Performance comparison (a) precision and (b) Recall
Performance comparison (a) precision and (b) Recall
Performance measurement by means of F-measure
From Fig. 5, the F-measure of 95.2809% is displayed by the proposed work for video-2 while the prevailing systems namely FCM, K-means, and also K-medoids attain 93.4782%, 91.2976%, 89.2647% F-measure, correspondingly. Meanwhile, the proposed method’s accuracy is 95.8827% for video-3, however, the existing technique’s accuracy like FCM (94.9865%), K-means (91.3746%), and K-medoids (90.2536%). In addition, higher performance is attained by the proposed one for the remaining videos. This affirms that enhanced performance results are attained by the proposed one when analogized with the conventional methods.

Performance comparison based on (a) F-measure and (b) Accuracy.
Centered on F-measure and also accuracy, the proposed RBLSTM classifier’s performance is analogized with the existent classifiers namely BLSTM, K-nearest neighbor (KNN), and Support Vector Machine (SVM) in this stage.
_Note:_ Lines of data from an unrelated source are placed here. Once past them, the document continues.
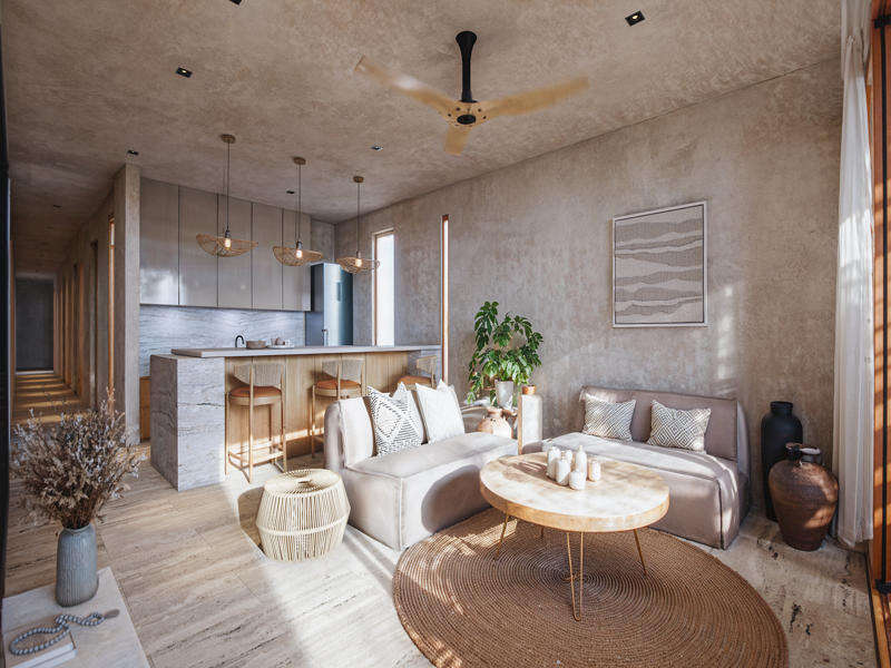 Квартиры в новом доме на первой линии моря, в заповедной зоне пригорода Тулума.
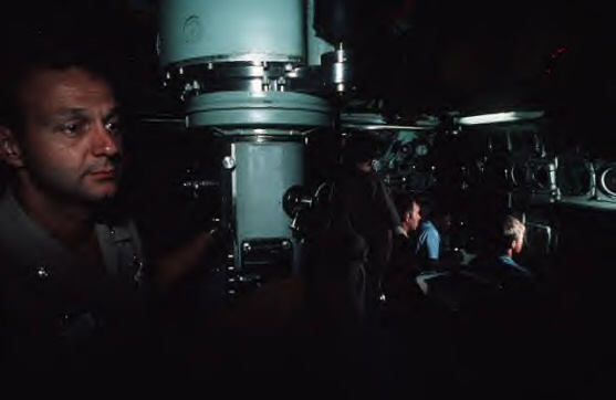 ![]() | 34k | In this dimly lighted view of the interior of the nuclear-powered attack submarine Oklahoma City (SSN-723) control room, a Navy commander at the periscope and the bow plane control personnel at their stations have a mystic appearance reflective of the submarine reputation of stealth on 1 January 1997. | Official USN photo # DN-ST-97-00708 by PH1 Mike Flynn, from the Department of Defense Still Media Collection, courtesy of dodmedia.osd.mil.& submitted by Bill Gonyo. | |
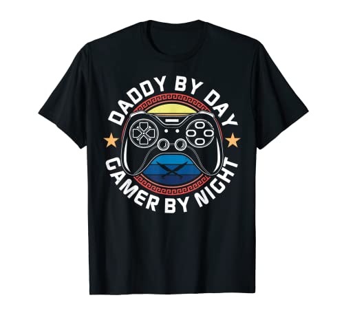 - Daddy by Day Gamer by Night Vintage PC Video Game Gaming Dad Design shows a vintage retro sunset graphic graphic of a video game console controller. Perfect Father's day gift for any gamer dad who loves to play video games.
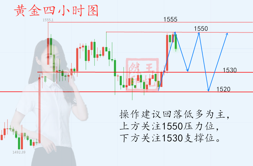 王忆然:9.4黄金暴涨不知如何操作、今日思路布局 在这个市场中,最公平的就是行情。所有的投资者面对的都是一样的行情。然而,面对同样的行情,投资者必然会做出不同的选择。当行情像浪花一样一波接一波的打过来,有的人面对机会,做好准备,迎面而上,止盈获利;有的人害怕恐惧,毫无准备,反而被行情.杀了个措手不及。行情对每个人都是公平的,就看你怎么面对。若你是前者,我可帮你锦上添花;若你是后者,我可助你一臂之力 【【【【 黄金技术分析操作建议 】】】】 黄金昨日受到经济数据不及预期,降息50基点的呼声再起,导致黄金强势拉升至前高位置,1550压力位置不追多,耐心等待回落再进场! 黄金昨日维持
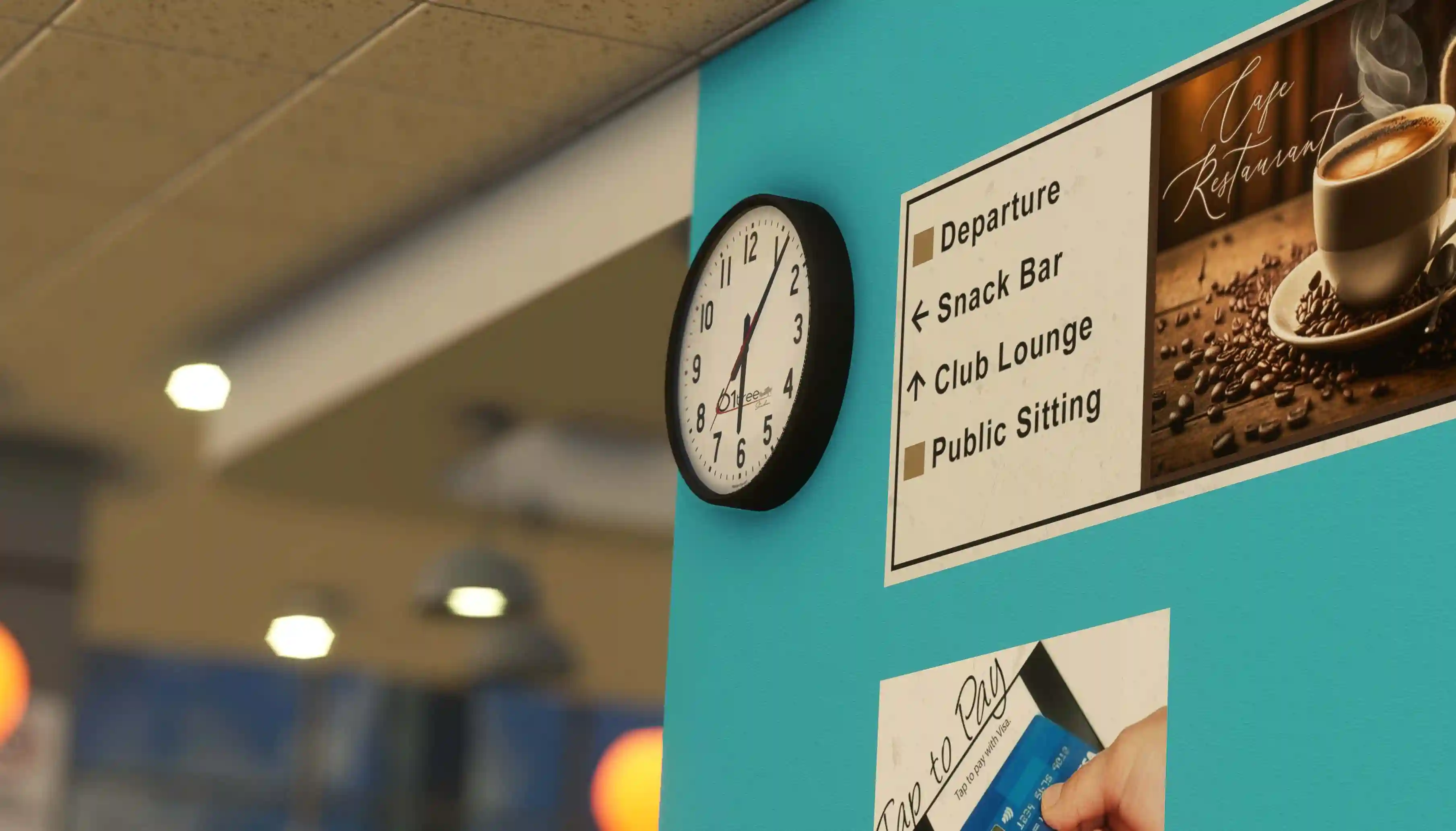 The scenery features an accurate rendition of the airport, with custom ground textures, a terminal interior, an up-to-date ground layout, custom landside buildings, and more.
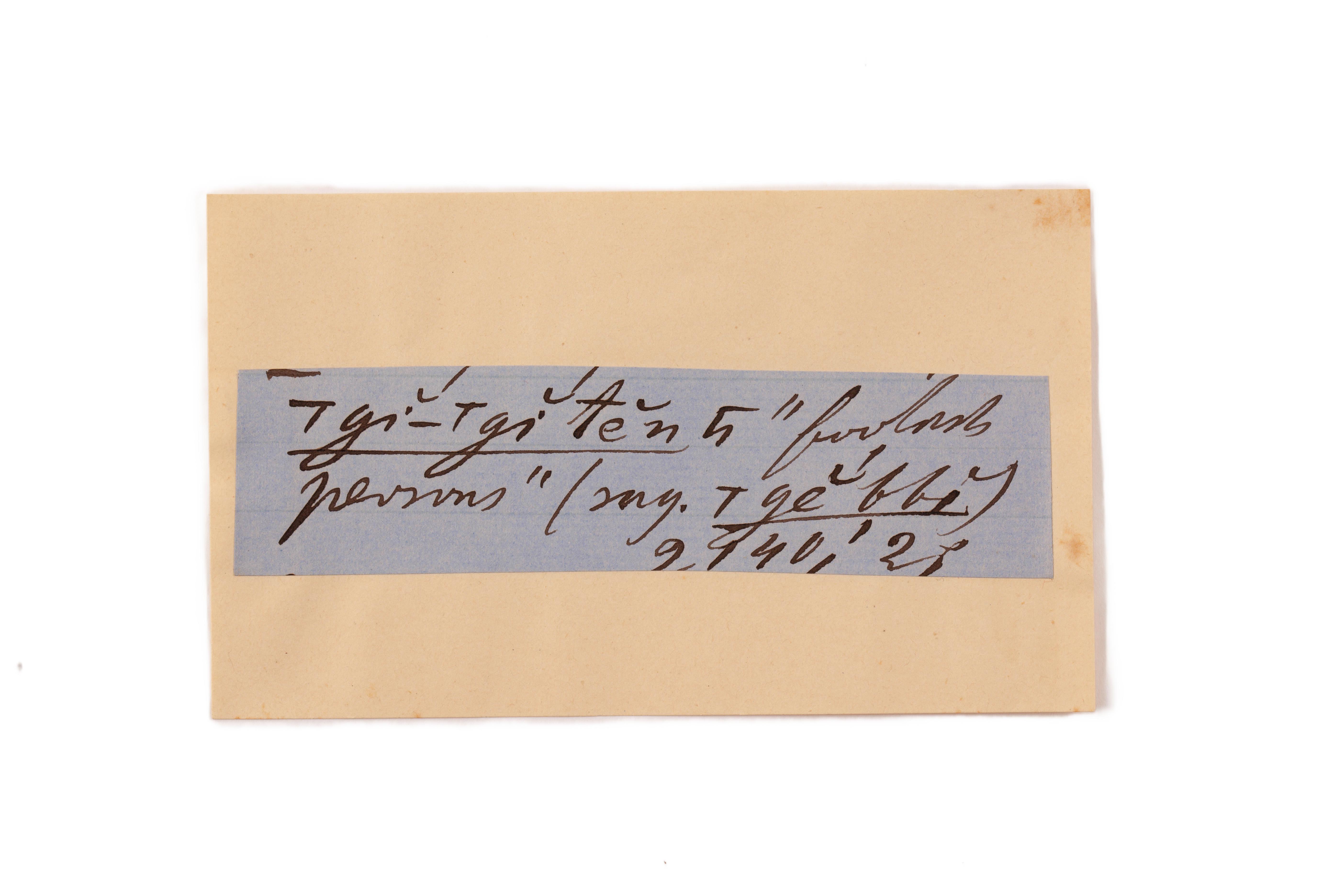 ink on blue paper glued on card

Grounded on F-measure, the proposed method’s f-measure for video-5 attains a higher performance of 97.2136% as shown by the table, in the same way for videos 1–4, high f-measure is attained by the proposed one when contrasted to the existent methods. Similarly, lower performance is attained by the conventional systems when contrasted to the proposed one for the remaining videos. Therefore, it states that superior performance is displayed by the proposed technique to the existent techniques.
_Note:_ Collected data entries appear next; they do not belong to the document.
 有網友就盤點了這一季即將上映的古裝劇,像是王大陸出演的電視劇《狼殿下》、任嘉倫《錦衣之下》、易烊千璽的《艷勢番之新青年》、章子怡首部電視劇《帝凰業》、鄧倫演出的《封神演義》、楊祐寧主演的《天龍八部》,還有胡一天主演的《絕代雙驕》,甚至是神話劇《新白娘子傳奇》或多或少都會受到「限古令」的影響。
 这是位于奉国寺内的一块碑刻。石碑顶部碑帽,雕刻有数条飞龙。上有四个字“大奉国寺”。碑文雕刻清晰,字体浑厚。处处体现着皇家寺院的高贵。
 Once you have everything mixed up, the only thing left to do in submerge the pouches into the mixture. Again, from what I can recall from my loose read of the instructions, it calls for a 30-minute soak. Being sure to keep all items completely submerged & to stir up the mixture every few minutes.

The proposed RBLSTM methodology with the existent method’s performance measure centered on accuracy is exhibited in Fig. 6. For video-4, 97.2334% accuracy is possessed by the proposed work, which illustrates that when analogized with the existent ones, the proposed technique exhibits the maximum accuracy. The existing approaches’ accuracy is low whilst contrasting with the proposed work. Thus, more accuracy is attained by the proposed one when weighted against the existing classifiers.
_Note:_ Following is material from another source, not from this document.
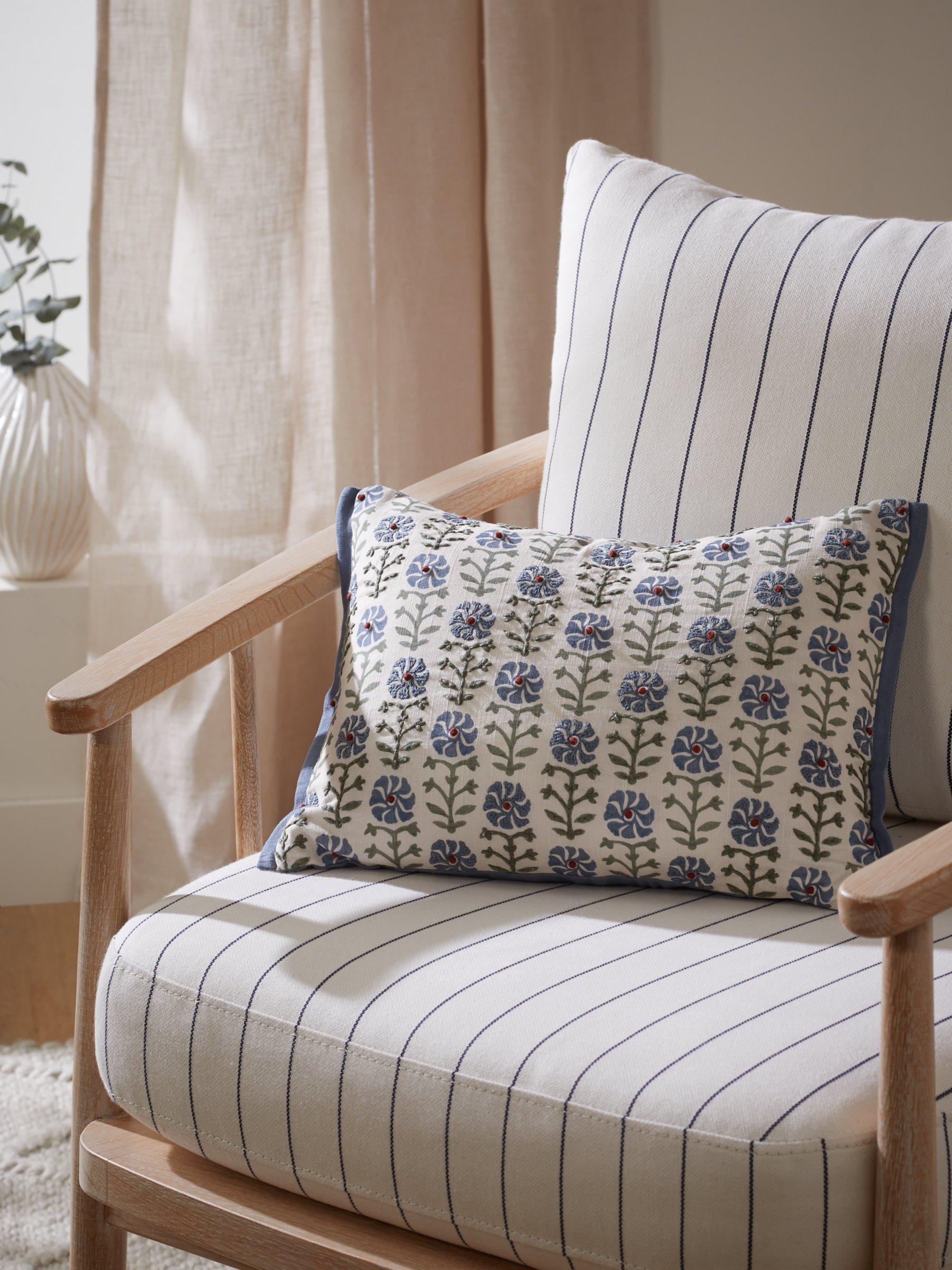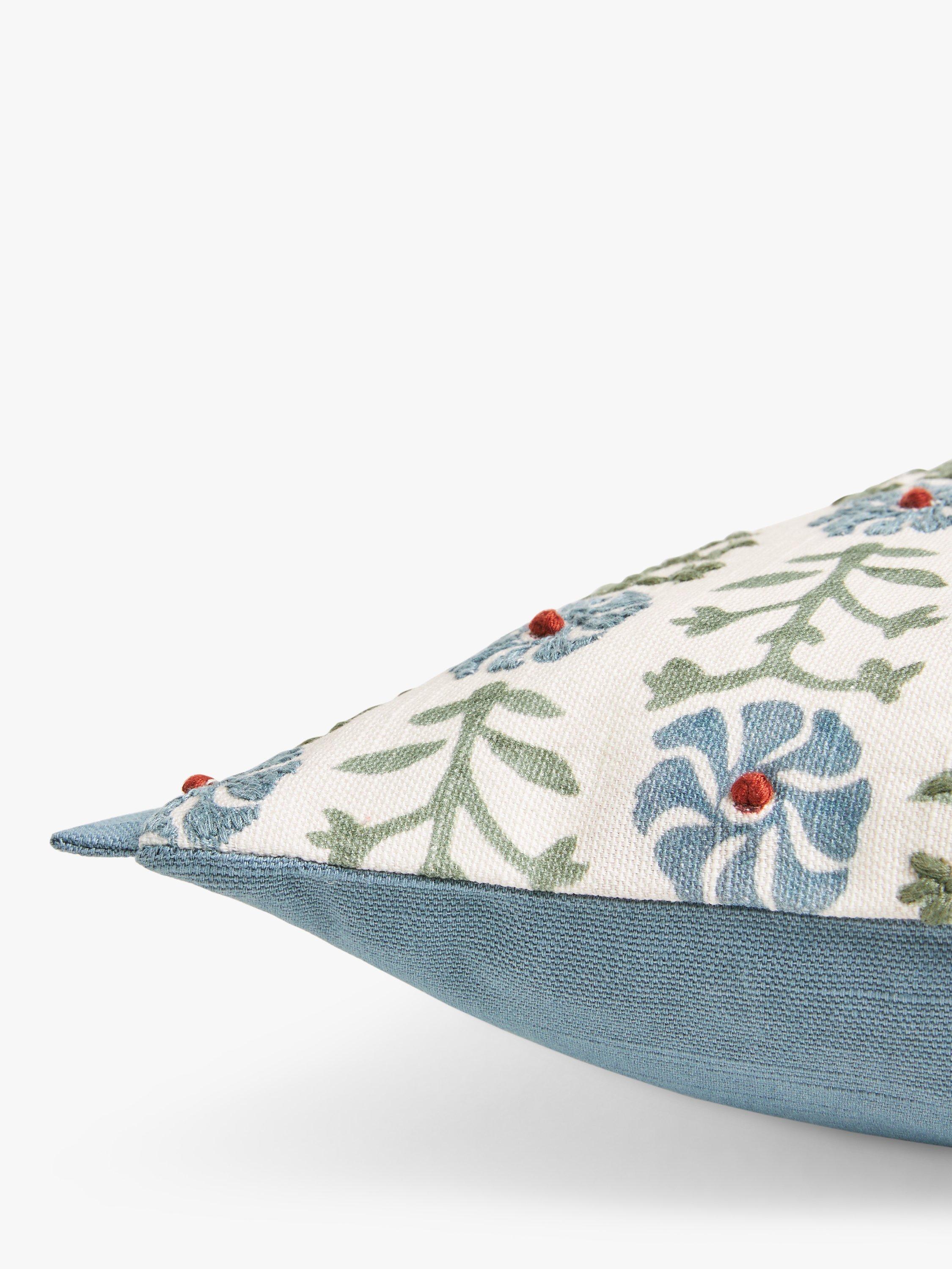Add country cottage charm to a bed or sofa with this cotton-printed cushion. It's finished with hand-guided machine embroidery and flanged edges.

Performance measure in terms of Accuracy of the proposed RBLSTM.
Centered on frame count and execution time, the proposed LFOB-COA with the existent COA, Normalized K-means (NK-means) and Center Surround Model, and also an Integer Knapsack formulation for K-means (CSMIK-Kmeans) methods’ comparative analysis is described in this phase.
Concerning frame count and execution time, the frame count and execution time offered by the proposed one for video-1 is 172 frames, and 2.6589 sec, correspondingly. But, higher frame count and execution time are expressed by the prevailing techniques. Likewise, the total frames and execution time is more for the existent methods for each video. Hence, it is deduced that the proposed technique is better when weighted against the existing approaches. Figure 7 exhibits the Comparative analysis based on Frame count and Execution time.

Comparative analysis based on (a) Frame count and (b) Execution time.
For the surveillance system’s effective video summarization, RBLSTM and LFOB-COA are proposed in this paper. For examining the proposed method’s effectiveness, the proposed along with the existing method’s performance is contrasted. Higher f-measure (97.2353%), accuracy (97.2334%) for RBLSTM classifier and low frame count (172 frames), and execution time (2.6589 sec) for LFOB-COA centered keyframe selection is denoted by the proposed technique. Thus, better results are exhibited by the proposed technique grounded upon the above performance metrics. Therefore, the surveillance system’s effective video summarization is offered by the proposed RBLSTM and LFOB-COA with greater accuracy and lesser execution time. By deeming the multi-view videos of the surveillance system utilizing the video summarization’s advanced model, the work will be prolonged in the upcoming future.